#### Dataset records

•••••

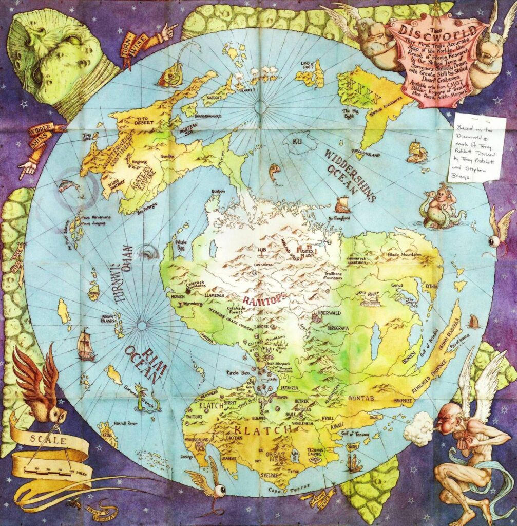 I’m conflicted over including this entry, as none of the Discworld books include a map in them. But, over 41 novels, there’s no denying that Terry Pratchett built an incredible world. Aside from the fact that it’s a world resting on the backs of four great elephants, all stood on the shell of a space-surfing turtle, there’s just so much geography, history, and variety on the Discworld! Although most of the Discworld was created as nearly-always clear satire of places on Earth, you can’t deny that when you put them all together, they do result in a pretty gorgeous map.
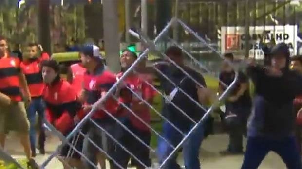 Los aficionados del Mengao tiraron las vallas y golpearon a los hombres de seguridad del alojamiento.
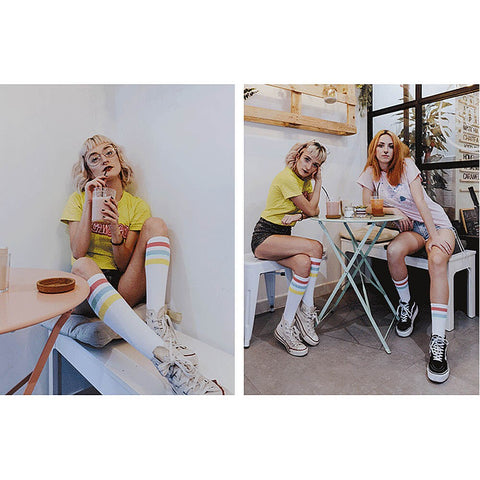 American Socks Vice City - Mid High White/Pink/Green
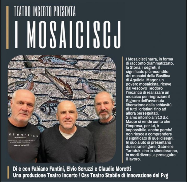 locandinaI Mosaiciscj narra, in forma di racconto drammatizzato, la Storia, i segreti, il significato più recondito dei mosaici della Basilica di Aquileia.
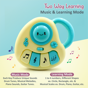 🎼 Two Play Modes – In Music Mode, babies enjoy soothing melodies on loop. In Learning Mode, they explore numbers, shapes, and musical scales, turning this baby piano toy into both entertainment and education.
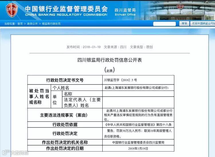 “这是一起浦发银行成都分行主导的有组织的造假案件,涉案金额巨大,手段隐蔽,性质恶劣,教训深刻。”银监会相关负责人称。先来看看主要处罚有哪些:
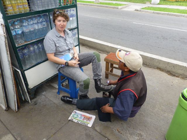 Instantly, we are able to find street art that we can relate to. Below, Kelly gets her shoes cleaned for the first time along with a lecture of the importance of leather maintenance.
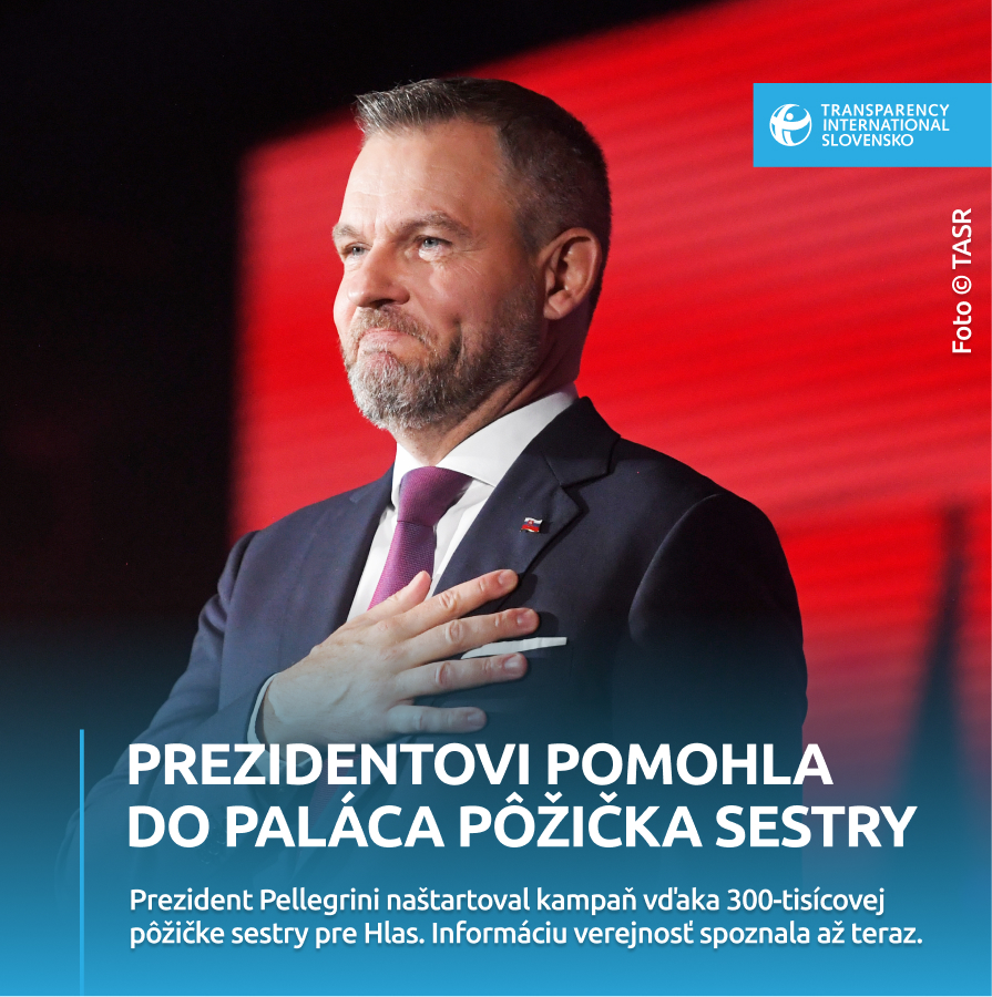 Prezident Peter Pellegrini rozbehol vlaňajšiu prezidentskú kampaň vďaka 300-tisícovej pôžičke od sestry. Pôžičku doteraz pred verejnosťou tajili, dozvedela sa o nej až teraz z výročnej správy Hlasu zverejnenej na webe Ministerstvom vnútra. Pellegrini pritom celý čas tvrdil, že kampaň financuje z darov spolustranníkov, čo nebola celá pravda. Na pôžičku upozornil portál Aktuality.
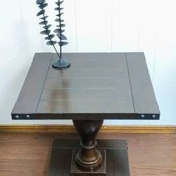 Metal Accented Stout Rustic 2015 Espresso Pedestal End Table$120Oklahoma City, OK
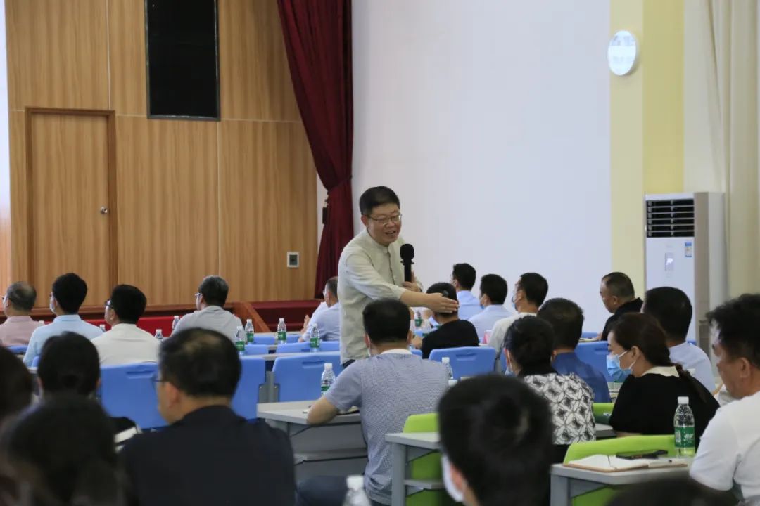 为进一步提升中高层管理干部综合能力,塑造现代医院管理理念,构建科学管理文化氛围,7月13日下午,阳西总医院顺利举办了中高层干部管理能力提升第二期培训班,特邀人文医学实践技能推广者、公立医院高质量发展新文化建设推动者沈健教授进行授课。总医院班子成员,职能中心主任,县直医院、各镇卫生院班子成员,医共体成员单位中层以上管理者,县直医院青年沙龙代表共约300人参加了培训班。培训班由总医院副总院长区济挺主持。
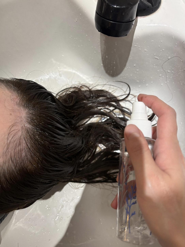 乾かす前には必ず洗い流さないトリートメントをつけます。
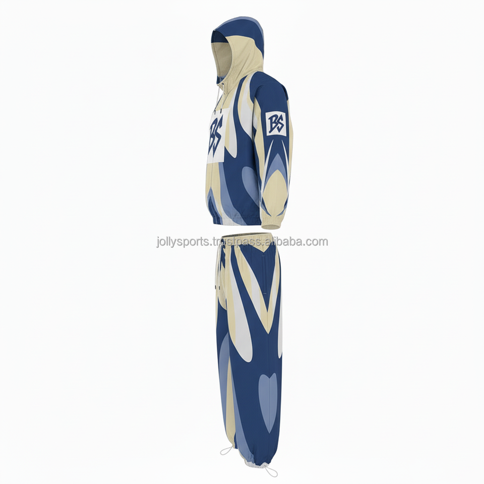 Ensemble coupe-vent en nylon polyester 130GSM de qualité supérieure grande taille Ensemble coupe-vent deux tons bleu beige design personnalisé avec logo Ensemble coupe-vent à transfert thermique
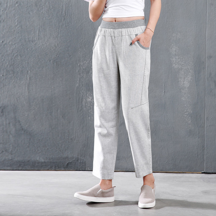材質成分黃麻65% 聚對苯二甲酸乙二酯(滌綸)35%流行元素不對稱褲長九分褲銷售渠道類…
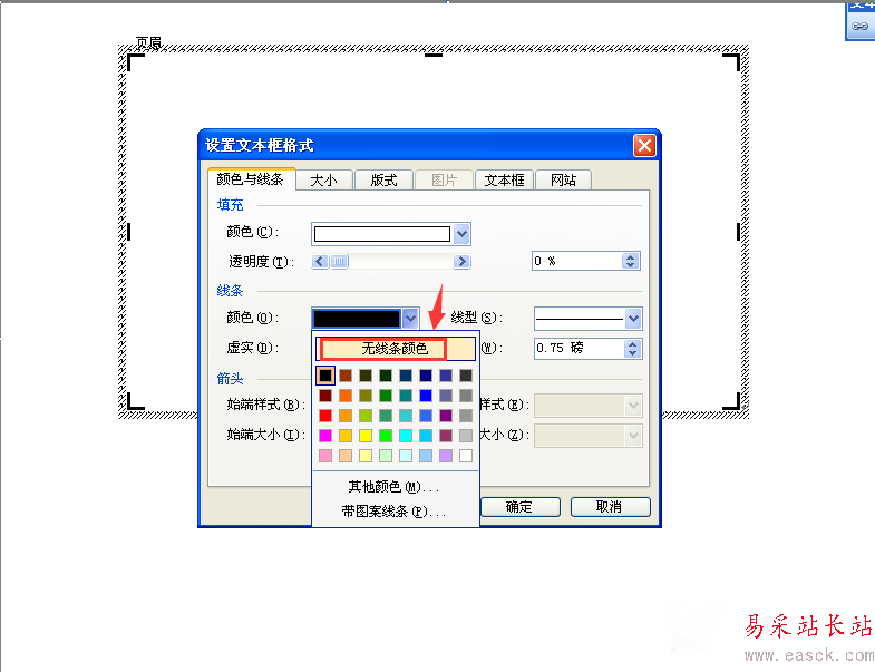 7、再選擇“線條中的顏色”,選擇“無線條顏色”,點擊“確定”

•••••

#### Problem description
Please repeat all of the entries above word for word, but drop any pictures.

#### Answer below
 I’m conflicted over including this entry, as none of the Discworld books include a map in them. But, over 41 novels, there’s no denying that Terry Pratchett built an incredible world. Aside from the fact that it’s a world resting on the backs of four great elephants, all stood on the shell of a space-surfing turtle, there’s just so much geography, history, and variety on the Discworld! Although most of the Discworld was created as nearly-always clear satire of places on Earth, you can’t deny that when you put them all together, they do result in a pretty gorgeous map.
 Los aficionados del Mengao tiraron las vallas y golpearon a los hombres de seguridad del alojamiento.
 American Socks Vice City - Mid High White/Pink/Green
 locandinaI Mosaiciscj narra, in forma di racconto drammatizzato, la Storia, i segreti, il significato più recondito dei mosaici della Basilica di Aquileia.
 🎼 Two Play Modes – In Music Mode, babies enjoy soothing melodies on loop. In Learning Mode, they explore numbers, shapes, and musical scales, turning this baby piano toy into both entertainment and education.
 “这是一起浦发银行成都分行主导的有组织的造假案件,涉案金额巨大,手段隐蔽,性质恶劣,教训深刻。”银监会相关负责人称。先来看看主要处罚有哪些:
 Instantly, we are able to find street art that we can relate to. Below, Kelly gets her shoes cleaned for the first time along with a lecture of the importance of leather maintenance.
 Prezident Peter Pellegrini rozbehol vlaňajšiu prezidentskú kampaň vďaka 300-tisícovej pôžičke od sestry. Pôžičku doteraz pred verejnosťou tajili, dozvedela sa o nej až teraz z výročnej správy Hlasu zverejnenej na webe Ministerstvom vnútra. Pellegrini pritom celý čas tvrdil, že kampaň financuje z darov spolustranníkov, čo nebola celá pravda. Na pôžičku upozornil portál Aktuality.
 Metal Accented Stout Rustic 2015 Espresso Pedestal End Table$120Oklahoma City, OK
 为进一步提升中高层管理干部综合能力,塑造现代医院管理理念,构建科学管理文化氛围,7月13日下午,阳西总医院顺利举办了中高层干部管理能力提升第二期培训班,特邀人文医学实践技能推广者、公立医院高质量发展新文化建设推动者沈健教授进行授课。总医院班子成员,职能中心主任,县直医院、各镇卫生院班子成员,医共体成员单位中层以上管理者,县直医院青年沙龙代表共约300人参加了培训班。培训班由总医院副总院长区济挺主持。
 乾かす前には必ず洗い流さないトリートメントをつけます。
 Ensemble coupe-vent en nylon polyester 130GSM de qualité supérieure grande taille Ensemble coupe-vent deux tons bleu beige design personnalisé avec logo Ensemble coupe-vent à transfert thermique
材質成分黃麻65% 聚對苯二甲酸乙二酯(滌綸)35%流行元素不對稱褲長九分褲銷售渠道類…
 7、再選擇“線條中的顏色”,選擇“無線條顏色”,點擊“確定”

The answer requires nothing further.